Study objectives: The electrophysiological correlates of anesthetic sedation remain poorly understood. We used high-density electroencephalography (hd-EEG) and source modeling to investigate the cortical processes underlying propofol anesthesia and compare them to sleep.
Design: 256-channel EEG recordings in humans during propofol anesthesia.

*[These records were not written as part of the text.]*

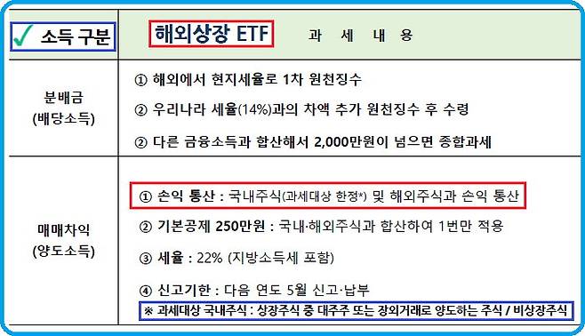 해외상장 ETF는 국내 세법상 해외주식과 동일하게 취급된다. 미국, 유럽 등 해외거래소에 직접 투자하는 방식으로, 해외주식과 마찬가지로 연간 발생하는 해외주식과 해외상장 ETF, 그리고 과세대상이 되는 국내주식 등의 양도소득은 모두 합산하되 250만 원까지는 비과세 혜택이 적용된다. 때문에 250만 원을 초과하는 금액에 대해서만 22%의 세율이 적용된다. 과세대상이 되는 국내주식이란 상장주식 중 대주주가 양도하는 주식과 비상장 주식을 말한다.
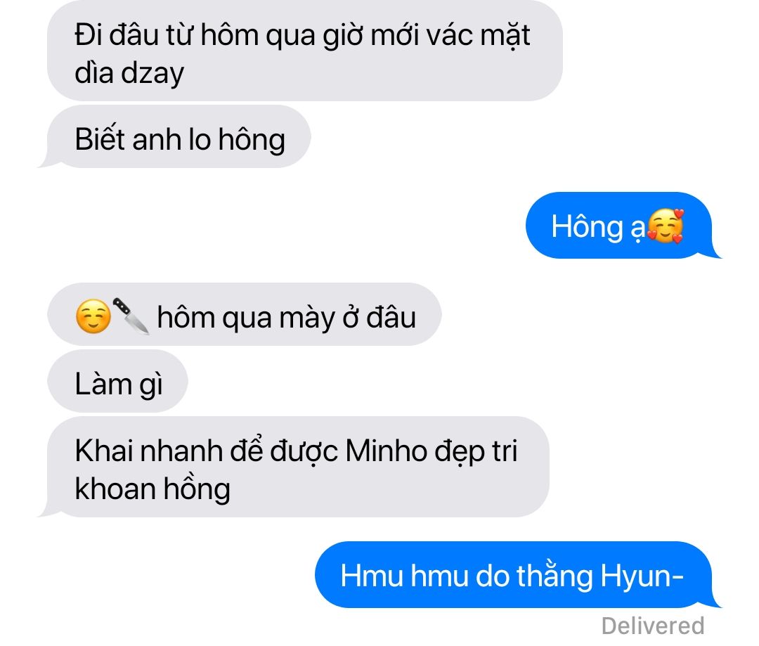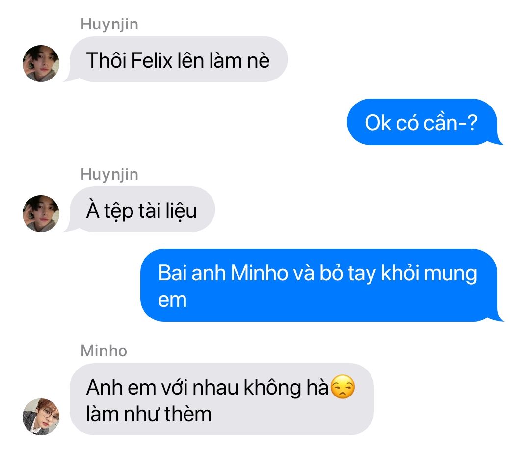 Minho vừa thấy Felix liền chạy lại bíe cóc cho một cái làm bíe ôm đầu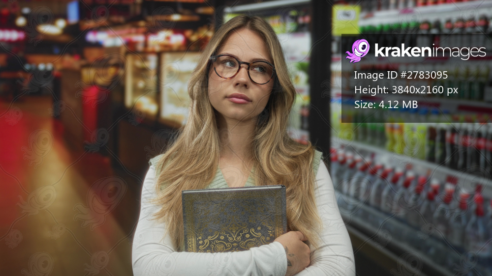 Woman hugs book with arms while quietly standing in restaurant aisle; contemplation curiosity anticipation.

Setting: Hospital operating room.
Patients or participants: 8 healthy subjects (4 males).
Interventions: N/A.
Measurements and results: Initially, propofol induced increases in EEG power from 12-25 Hz. Loss of consciousness (LOC) was accompanied by the appearance of EEG slow waves that resembled the slow waves of NREM sleep. We compared slow waves in propofol to slow waves recorded during natural sleep and found that both populations of waves share similar cortical origins and preferentially propagate along the mesial components of the default network. However, propofol slow waves were spatially blurred compared to sleep slow waves and failed to effectively entrain spindle activity. Propofol also caused an increase in gamma (25-40 Hz) power that persisted throughout LOC. Source modeling analysis showed that this increase in gamma power originated from the anterior and posterior cingulate cortices. During LOC, we found increased gamma functional connectivity between these regions compared to the wakefulness.
Conclusions: Propofol anesthesia is a sleep-like state and slow waves are associated with diminished consciousness even in the presence of high gamma activity.
Keywords: EEG; Slow oscillation; anesthesia; consciousness; gamma.